Green Sanctuary

Green Sanctuary is a Unitarian Universalist program for congregations who strive to align their entire congregational culture with environmental sustainability and justice.

Unitarian Universalist congregations can take action through Commit2Respond by becoming accredited—or re-accredited—as Green Sanctuaries.

Commit2Respond and Green Sanctuary

The Green Sanctuary Program has four focus areas:

1. environmental justice
2. worship and celebration
3. religious education
4. sustainable living

Each of these focus areas can integrate the Commit2Respond pillars of partnering to SHIFT to a low carbon future, ADVANCE the human rights of affected communities, and GROW the climate justice movement. 

Here are just a few examples of how a faith community can align its Green Sanctuary work with Commit2Respond: 

Green Sanctuary focus area

________________

Commit2Respond pillar

________________

Example
actions

________________________________________________

Environmental justice

1 project needed for accreditation

Advance human rights
  1. Build or deepen a partnership with an organization active in a local affected community.
  2. Champion policy change together across boundaries of age, race, class, gender and religion.
  3. Serve and learn shoulder-to-shoulder with affected communities through a UU College of Social Justice faith-based learning experience.

Worship and celebration

3 projects needed for accreditation

 Grow the climate justice movement
  1. Create worship services that specifically focus on climate justice.
  2. Include a climate/environmental component within every worship service.
  3. In worship deepen hope, love, and nonviolence that amplifies the voices of affected communities.

Religious education

3 projects needed for accreditation

 Grow the climate justice movement
  1. Use small group ministry to learn and connect emotionally and spiritually with climate change.
  2. Create a task force to identify and partner with an affected community. 
  3. Use the UU Ministry for Earth curriculum “Our Place in the Web of Life” to broaden and deepen congregational understanding of environmental justice. 
  4. Use the DOVE curriculum (Demonstrating Our Values through Eating) to learn about the diet-climate connection.

Sustainable living

4 projects needed for accreditation

Shift to a low carbon future
  1. Reduce carbon pollution from all church-related activities: buildings, events, transportation to church activities, etc.
  2. Take the Carbon Pledge to reduce your carbon pollution 20% in two years.
  3. Support one another in the transition to climate-friendly eating and help ensure healthy, affordable eating options are accessible to everyone in your community.

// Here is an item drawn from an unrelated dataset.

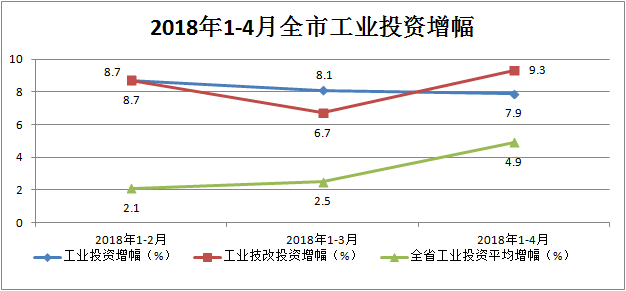 1-4月,全市工业投资保持平稳增长,重大项目支撑有力,主要情况如下: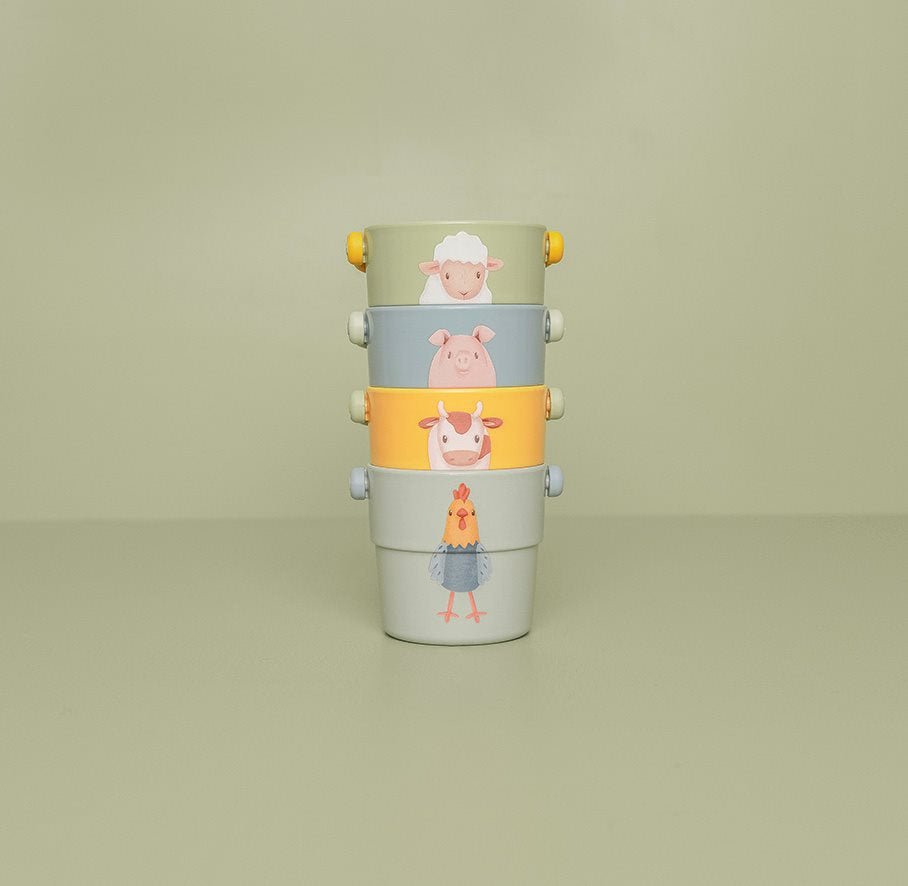 Složite, napunite, sipajte i PRSKNITE! Vaš mališan će još više uživati u kupanju s ovim setom od 4 čašice za kupanje. Dolaze u 4 različite boje i ukrašene su najslađim životinjama s farme iz kolekcije Little Farm. Tu je čašica za kupanje s ovcom, svinjom, kravom i pijetlom. Veličina je taman za male ruke, a igranje s malim kanticama pomaže u razvoju motoričkih sposobnosti. Složite ih jednu na drugu kako biste izgradili veliki toranj ili ih prevrnite. Ili ih napunite vodom i gledajte kako različiti oblici izlaze.

Would your congregation like to apply your commitments as part of Commit2Respond to becoming accredited or re-accredited as a Green Sanctuary? Email . Help is available to explore what projects and commitments will best fit your congregation as well as expediting reporting on your actions and their impacts. Check out the Green Sanctuary web pages from the Unitarian Universalist Association for more information about the program.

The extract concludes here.